Task prompt = Once the line holding "This electronics brand" is found in the entries below, transcribe exactly every line up to and including the one holding "4月29日上午,由公司協辦的", but leave out the pictures.

Data records =
=== Begin Enclosure ===

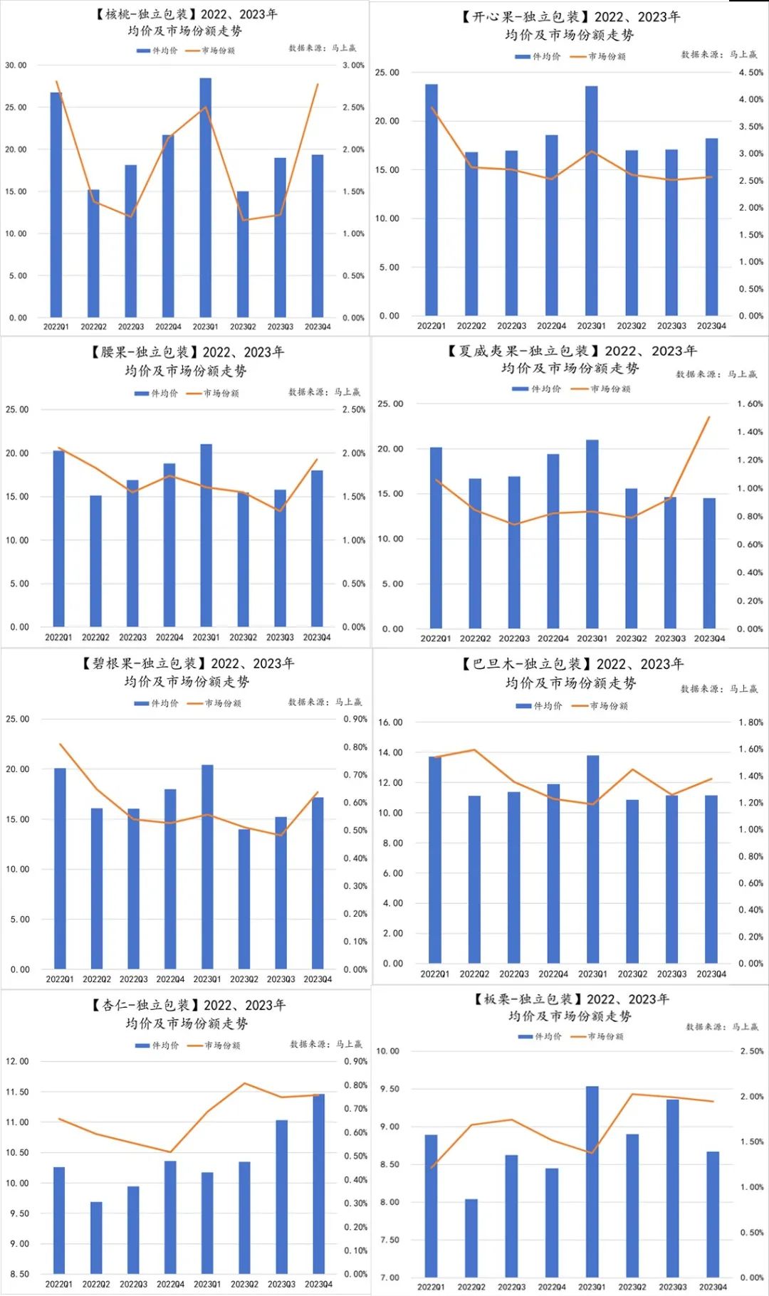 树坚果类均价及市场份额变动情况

=== End Enclosure ===
=== Begin Enclosure ===

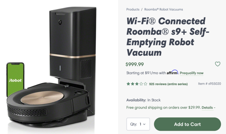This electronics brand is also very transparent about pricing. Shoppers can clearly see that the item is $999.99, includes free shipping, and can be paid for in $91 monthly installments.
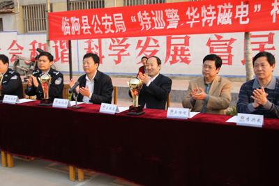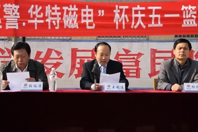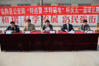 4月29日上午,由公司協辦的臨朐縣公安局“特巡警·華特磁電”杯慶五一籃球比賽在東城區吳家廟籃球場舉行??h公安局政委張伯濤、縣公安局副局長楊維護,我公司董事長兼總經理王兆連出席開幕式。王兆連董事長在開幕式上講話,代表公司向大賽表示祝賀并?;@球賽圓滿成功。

=== End Enclosure ===

Output below =
This electronics brand is also very transparent about pricing. Shoppers can clearly see that the item is $999.99, includes free shipping, and can be paid for in $91 monthly installments.
 4月29日上午,由公司協辦的臨朐縣公安局“特巡警·華特磁電”杯慶五一籃球比賽在東城區吳家廟籃球場舉行??h公安局政委張伯濤、縣公安局副局長楊維護,我公司董事長兼總經理王兆連出席開幕式。王兆連董事長在開幕式上講話,代表公司向大賽表示祝賀并?;@球賽圓滿成功。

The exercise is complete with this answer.